Get Your Square Peg Outta My Round Hole, Thanks

If someone had asked me in the last few weeks what is a major threat to America's cultural and social stability, I'd have naively pointed out the shenanigans with our Congress deciding whether it's a good or bad idea to send the message to our upcoming generations that whether one should pay one's bills or not is a responsible soliloquy.  Watching some of the floor speeches in the Senate today does not give me any great amount of confidence in our fearless leaders.

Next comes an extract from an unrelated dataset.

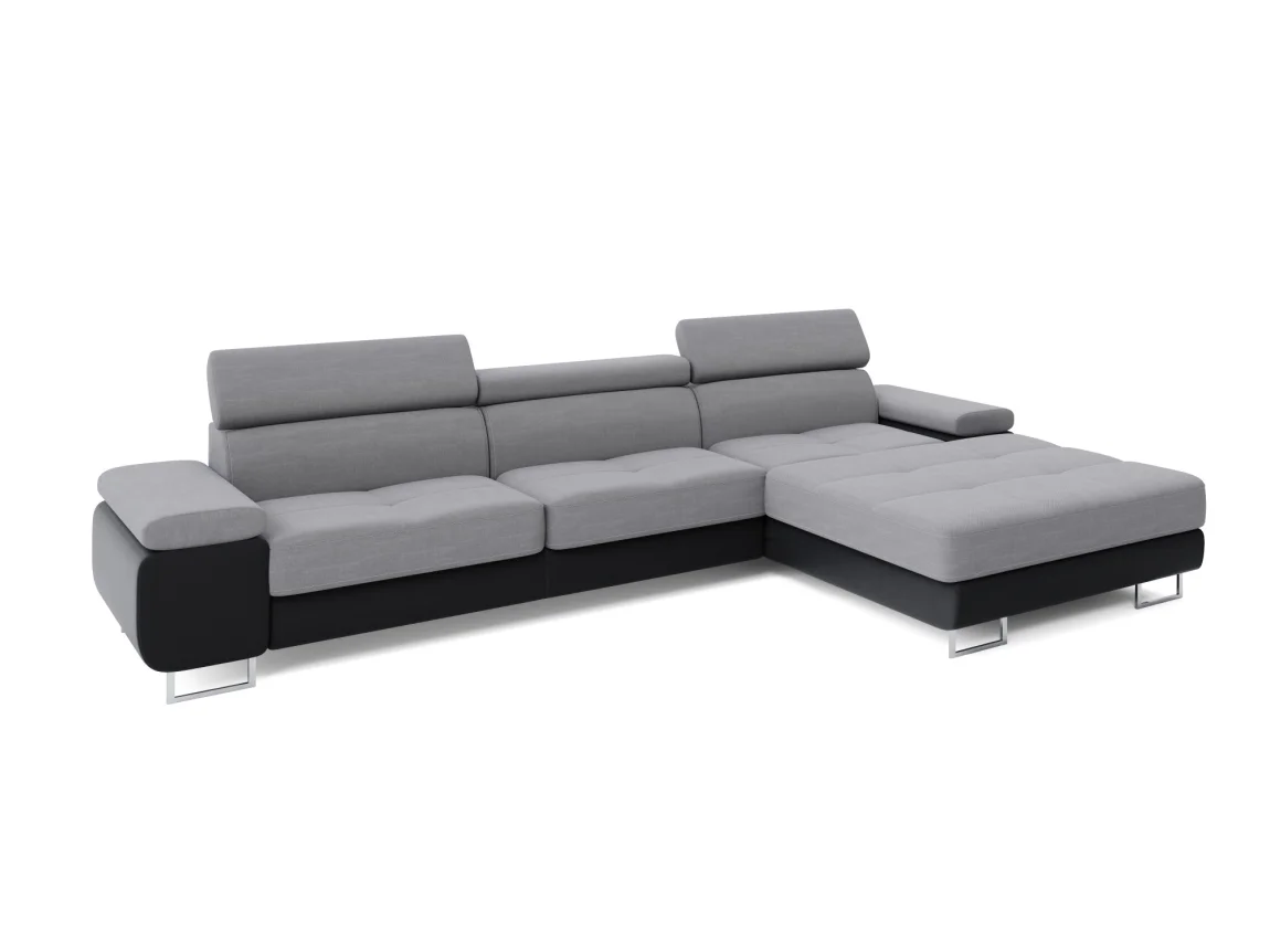 Rozkládací rohová sedačka s pravou orientací spojuje komfort s praktičností pro váš obývací prostor. Potahové materiály tvoří kombinace látky Sawana 21 v světlém odstínu šedé a Dolaro 8 v černé ekokůži, které vypadají moderně a zároveň usnadňují údržbu.

Why are they fearless? They're stupid, and I'm fairly certain several of them are hung over. I've always been convinced all legislation is a Monday or Friday effort. For the younger readers, you'll learn that Friday workers have getting drunk later that day on their minds. Monday workers are just hungover or still fairly drunk. These aren't ideal conditions.  Anyway, several members of our more deliberative chamber of the Congress (the Senate) are unaware that the debt ceiling has nothing whatever to do with authorizing the taking on of more debt. It is a Constitutional gambit where our adult politicians tell the Secretary of the Treasury that he may cut checks to pay the tab on things we've already bought.  Failing to raise the debt ceiling simply means we default on our loans.

The government doesn't get to declare bankruptcy such as I'm aware.

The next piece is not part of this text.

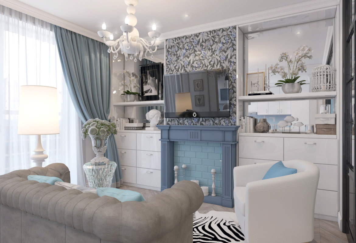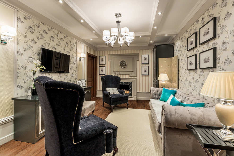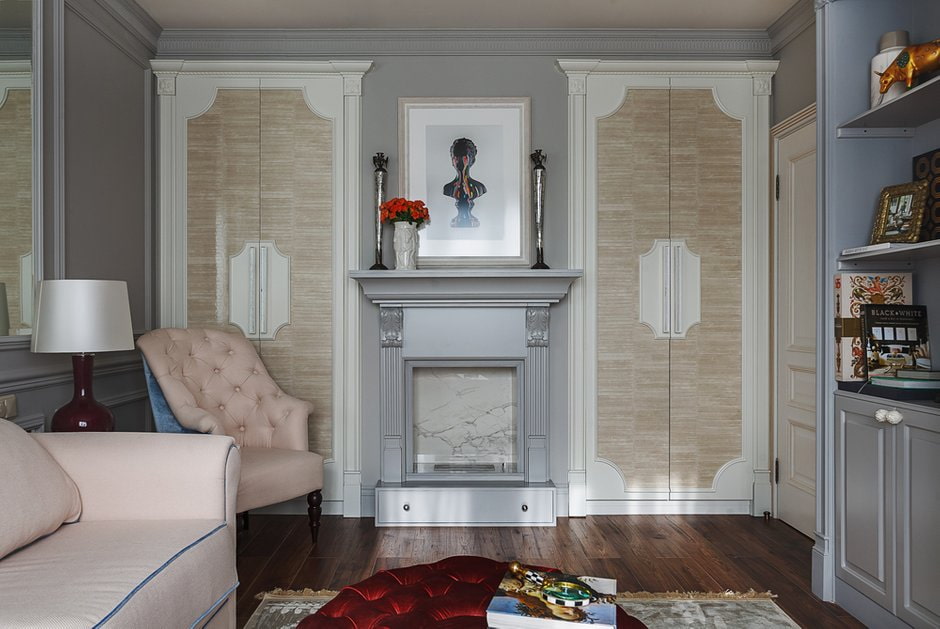 An important accent of a room in this style is a fireplace, not necessarily real. It can have a laconic finish or marble cladding.The wall above the hearth is decorated with a mirror or a painting, and furniture or other objects are placed on the side of it in a symmetrical order.

Anyway, I'd have been wrong. Dead wrong. Well, undead wrong I suppose is more apt.  Novelists and movie producers are the death knell.  Apparently, our fiction writers aren't taking sufficient stock of how to write good fiction according to a certain harebrained feminista of skepchick notoriety.  Yes, if you're a fiction writer, do me a favor and make all of your characters plastic and unrealistic by ensuring that you see no continuum of personalities in the universe.

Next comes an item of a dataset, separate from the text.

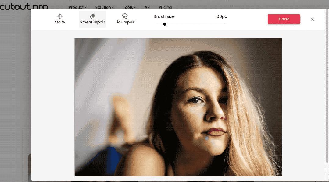 别急,将照片上传到cutout.pro(https://www.cutout.pro/),利用“物体擦除”功能,调整“橡皮擦”大小,尽量紧贴图像外围,抹掉不想要的部分。

All women characters you miracle into being have to be just so, else you've severely damaged women everywhere. It's not as though on a planet of some 7,000,000,000 people there might exist one or two women who are, you know, emotionally under-developed as teenagers. It's not as though some might lack confidence or a good sense of self worth.

And maybe I’m spoiled by the Hermione Grangers and Eowyns of the past few years.   But I’ve come to expect more from female characters.   It really bothers me that this movie depicts a girl who falls in love within days and then proceeds to spend the rest of the movie supressing [sic] everything about herself for this boy.   And the worst part is that this is considered as a ‘happy ending’ for her.

No. This will simply not do. All women at all times are strong, and your writing should reflect that. Stop fucking up my society by having characters who have different shades of flaws and weaknesses. Please. Do not make characters dynamic; allow not for growth, since one can, of course, run into running. That crawl, walk, run shit is only for other people - not the women in any of your books. Please, please, please stop writing characters that develop and mature.  I know it's fiction you're writing, but I can only suspend disbelief for so long.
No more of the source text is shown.